The preprocessor may convert the RGB value of the target image into a YCrCb value, and then extract only a Y value from the converted YCrCb value to obtain a pixel value corresponding to lightness and darkness.

The initial value extraction unit extracts, as a first initial value, a pixel value corresponding to the brightness and darkness corresponding to a value having the highest frequency of pixels in the first histogram, and sets the pixel value in the second histogram to a value with the highest frequency.
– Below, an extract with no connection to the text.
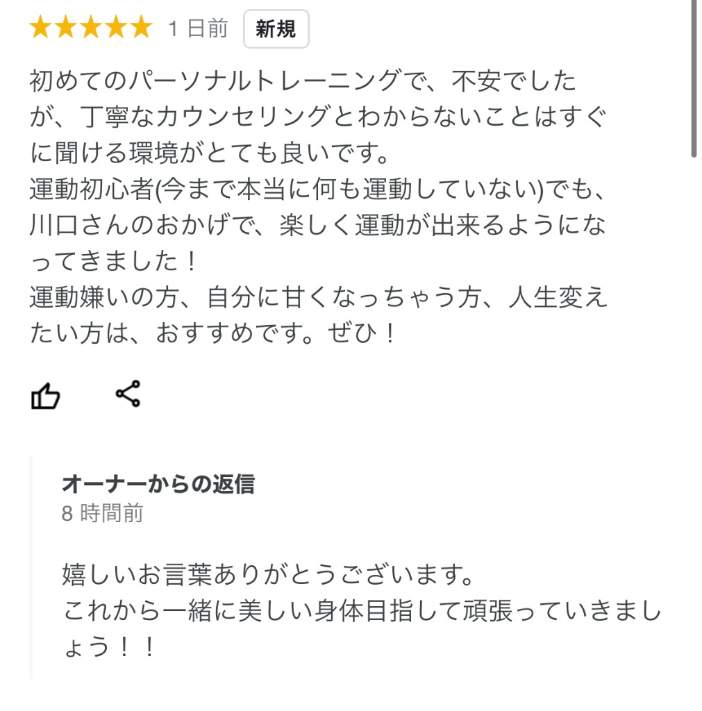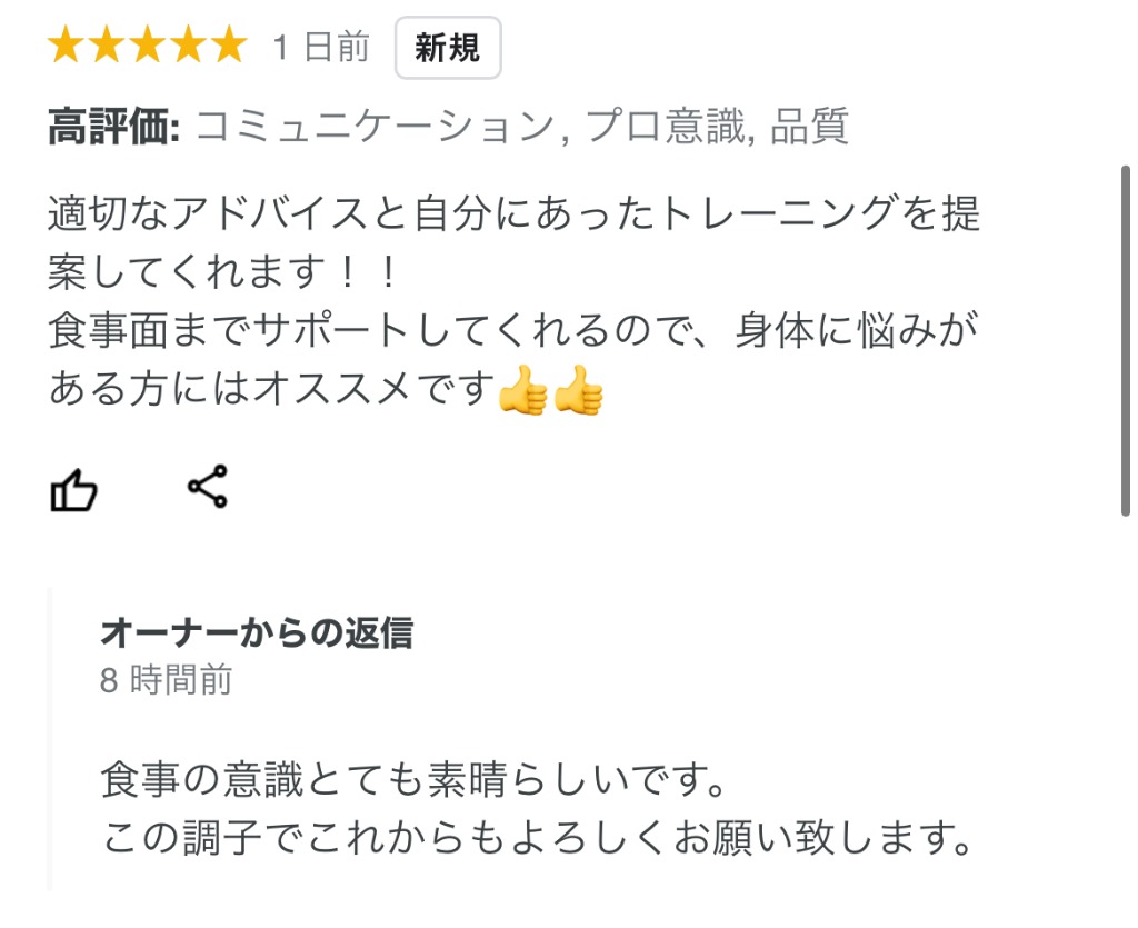 トレーニングの指導以外にも、食事管理、栄養学講座、LINEでのサポートも行い、お客様の悩みを改善し理想の身体を目指します。

A pixel value corresponding to the corresponding blue (B) may be extracted as a second initial value.

The correction section extractor extracts a value obtained by subtracting a first initial value from the first reference value as a first lower limit value, and extracts a value increased by the first initial value from the first reference value as a first upper limit value, and then A range greater than the first lower limit value and smaller than the first upper limit value may be set as a correction section for the contrast.

The correction section extractor extracts a value obtained by subtracting a second initial value from the second reference value as a second lower limit value, and extracts a value increased by a second initial value from the second reference value as a second upper limit value, and then 2 A range greater than the lower limit value and smaller than the second upper limit value may be set as a correction section for blue (B).

The correction period for the blue (B) is greater than the second lower limit value and smaller than the second upper limit value,

The second lower limit may be greater than the first lower limit, and the second upper limit may be smaller than the first upper limit.

When the second reference value is smaller than the first reference value, the controller may determine a final correction interval from the second lower limit value to the first reference value.

When the second reference value is greater than or equal to the first reference value and the second lower limit is less than the first reference value, the controller may determine a final correction interval from the second lower limit to the second upper limit.

When the second lower limit value and the second reference value are greater than the first reference value, the controller may determine a final correction interval from the first reference value to the second reference value.

The calculation unit may calculate the calculation value using the following equation.

In the manual setting mode, the compensator may adjust the contrast of the target image by converting a histogram of a plurality of pixels included in the target image in response to a pixel value input by a user within the final calibration section.

In the automatic setting mode, the compensator may forcibly adjust the contrast of the target image by converting a histogram of a plurality of pixels included in the target image in response to an average value of pixels calculated within the final compensation section.

As described above, according to the present invention, since the correction data range for RGB color is set and the final correction range for the input image is extracted within the set correction data range, the time required for extracting the correction range for the image can be reduced. have.

In addition, according to the present invention, since the image is corrected within the set correction data range, the recognition rate for the image can be increased, the image can be corrected without separate noise processing, and the correction value using the contrast and blue (B) Since , it is possible to alleviate the blurring of only one area of the image due to the luminance.

1 is a block diagram of an apparatus for compensating a low visibility digital image according to an embodiment of the present invention.
2 is a flowchart illustrating a low-visibility digital image correction method using a low-visibility digital image correction apparatus according to an embodiment of the present invention.
FIG. 3 is an exemplary diagram for explaining a method of obtaining a first initial value in step S230 illustrated in FIG. 2 .
4 is an exemplary view for explaining the correction section for the contrast in step S240 shown in FIG.
FIG. 5 is an exemplary view for explaining a correction section for blue (B) in step S240 shown in FIG. 2 .
FIG. 6 is an exemplary view for explaining a method of determining a final correction section in step S250 shown in FIG. 2 .
FIG. 7 is an exemplary diagram for explaining step S280 shown in FIG. 2 .
FIG. 8 is an exemplary diagram for explaining step S290 shown in FIG. 2 .

Hereinafter, preferred embodiments according to the present invention will be described in detail with reference to the accompanying drawings. In this process, the thickness of the lines or the size of the components shown in the drawings may be exaggerated for clarity and convenience of explanation.

In addition, the terms to be described later are terms defined in consideration of functions in the present invention, which may vary according to intentions or customs of users and operators. Therefore, definitions of these terms should be made based on the content throughout this specification.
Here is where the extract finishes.